* [WORK ITEM]:
Nothing but the text of the listing, repeated exactly, belongs in the answer; leave the images out.

* [RECORD SET]:
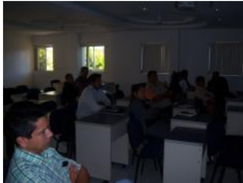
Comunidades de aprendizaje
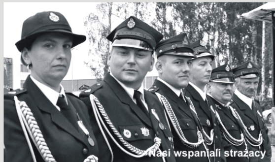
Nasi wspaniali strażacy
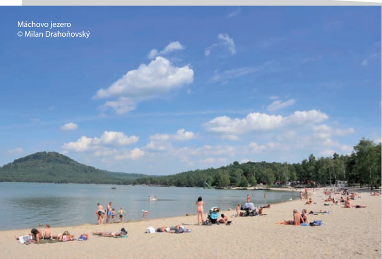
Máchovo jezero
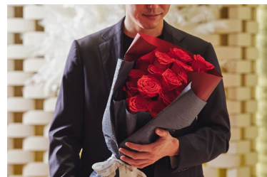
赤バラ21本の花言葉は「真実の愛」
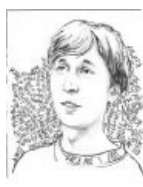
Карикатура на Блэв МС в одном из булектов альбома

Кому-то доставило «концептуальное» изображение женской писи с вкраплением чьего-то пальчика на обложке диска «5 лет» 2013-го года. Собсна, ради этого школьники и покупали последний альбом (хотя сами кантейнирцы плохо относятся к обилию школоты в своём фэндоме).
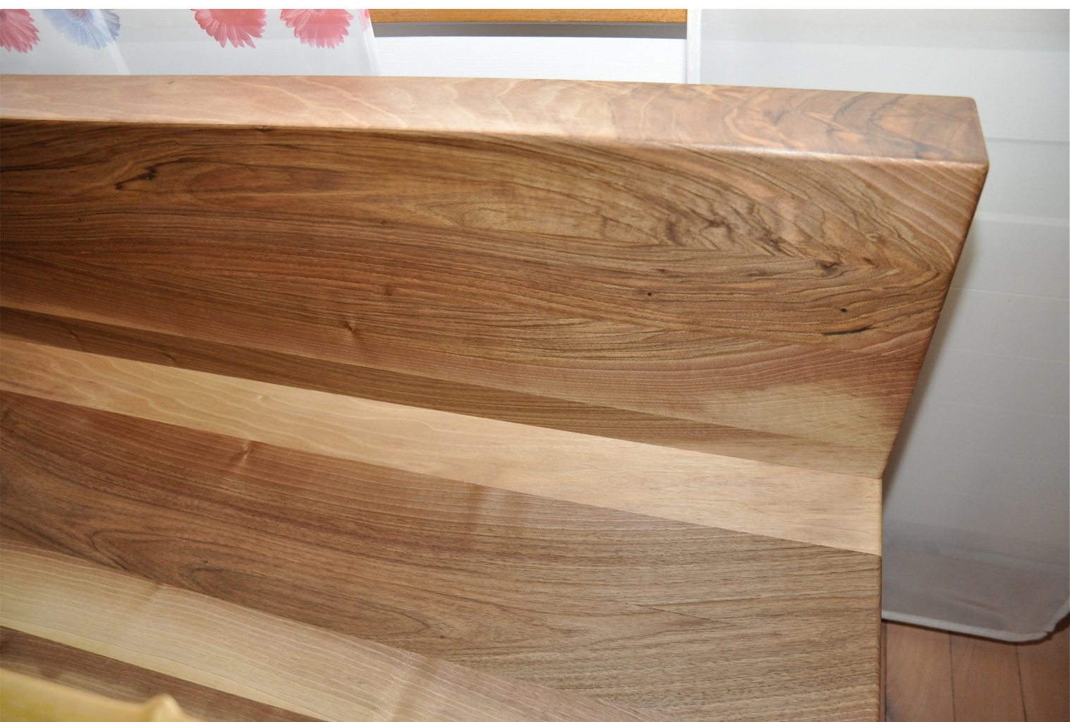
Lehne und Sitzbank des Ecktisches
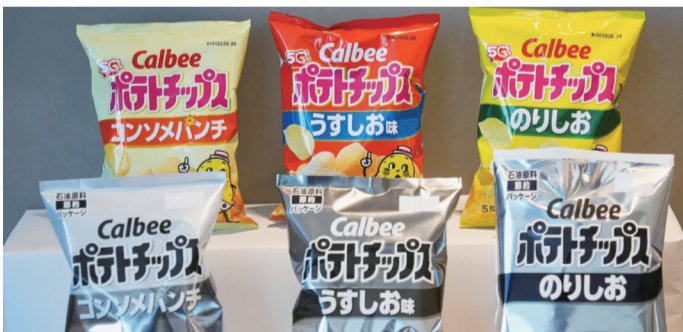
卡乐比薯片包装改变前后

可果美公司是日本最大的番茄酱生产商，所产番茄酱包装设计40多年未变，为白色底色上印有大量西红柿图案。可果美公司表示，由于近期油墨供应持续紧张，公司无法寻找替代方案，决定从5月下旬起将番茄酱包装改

* [RESULT OF THIS TASK]:
Comunidades de aprendizaje
Nasi wspaniali strażacy
Máchovo jezero
赤バラ21本の花言葉は「真実の愛」
Карикатура на Блэв МС в одном из булектов альбома

Кому-то доставило «концептуальное» изображение женской писи с вкраплением чьего-то пальчика на обложке диска «5 лет» 2013-го года. Собсна, ради этого школьники и покупали последний альбом (хотя сами кантейнирцы плохо относятся к обилию школоты в своём фэндоме).
Lehne und Sitzbank des Ecktisches
卡乐比薯片包装改变前后

可果美公司是日本最大的番茄酱生产商，所产番茄酱包装设计40多年未变，为白色底色上印有大量西红柿图案。可果美公司表示，由于近期油墨供应持续紧张，公司无法寻找替代方案，决定从5月下旬起将番茄酱包装改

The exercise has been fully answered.